Poniżej wybrane fragmenty, które dotyczą przemysłu półprzewodnikowego, GPU od Nvidia używanych do trenowania systemów AI, znaczenia mocy obliczeniowej, AI w kontekście armii:
W ubiegłym roku przemysł półprzewodnikowy wyprodukował więcej tranzystorów niż łączna ilość wszystkich dóbr wyprodukowanych przez wszystkie inne firmy, we wszystkich innych gałęziach przemysłu, w całej historii ludzkości – Większość sumarycznego PKB wszystkich krajów jest generowana dzięki urządzeniom zawierającym półprzewodnikowe układy scalone. – Internet, chmura, media społecznościowe i cały cyfrowy świat istnieję tylko dlatego, że inżynierowie nauczyli się kontrolować najdrobniejszych ruch elektronów poruszający się po krzemowych płytkach – Wytwarzanie i miniaturyzacja układów scalonych są największymi osiągnięciami inżynieryjnymi naszych czasów.

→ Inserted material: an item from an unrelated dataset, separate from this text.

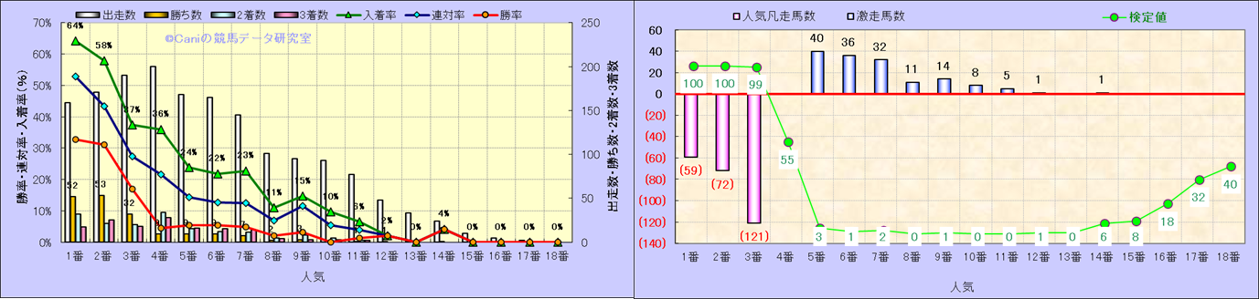 人気凡走馬:1-3番人気で着外、激走馬:5-18番人気で入着 |

Na początku drugiej dekady XXI wieku do Nvidii zaczęły docierać pogłoski o doktoranatach z Uniwersytetu Stanforda, którzy używali procesorów graficznych (GPU) Nvidii do czegoś innego niż grafika. Procesory graficzne zostały zaprojektowane tak, aby działały inaczej niż standardowe procesory Intela lub AMD, które sa bardzo uniwersalne, ale wykonują wszystkich obliczenia jedno po drugim. GPU są zaprojektowane do wykonywaniu wielu iteracji tego samego obliczenia jednocześnie. Wkrótce stało się jasne, że ten rodzaj „przetwarzania równoległego” – może mieć zastosowanie wykraczające poza kontrolę wyświetlania pikseli w grach komputerowych – może również skutecznie trenować systemy sztucznej inteligencji. Podczas gdy procesor przekazuje algorytmowi wiele danych po kolei, GPU może przetwarzać je jednocześnie. Żeby nauczyć sztuczną inteligencję rozpoznawania obrazów kotów, procesor przetwarza je piksel po pikselu, natomiast procesor graficzny „patrzy” na wiele pikseli w tym samym czasie. A dzięki temu czas potrzebny do nauczenia komputera rozpoznawania kotów zdecydowania się skraca
W dobie sztucznej inteligencji często mówi się, że dane to nowa ropa naftowa. Jednak prawdziwym ograniczeniem, z którym się mierzymy, nie jest dostępność danych, ale moc obliczeniowa. Istnieje skończona liczba chipów, które mogą przechowywać i przetwarzać dane. Ich produkcja jest niesamowicie skomplikowana i przerażająco kosztowna. W przeciwieństwie do ropy, którą można kupić w wielu krajach, produkcja mocy obliczeniowej zależy zasadniczo od szeregu wąskich gardeł: narzędzi, chemikaliów i oprogramowania, któe często są wytwarzane przez kilka firm – a czasem tylko przez jedną. Żaden inny aspekt gospodarki nie jest tak uzależniony od tak niewielu firm. Chipy z Tajwanu odpowiedzialne są za 37% nowej światowej mocy obliczeniowej, która jest tworzona każdego roku.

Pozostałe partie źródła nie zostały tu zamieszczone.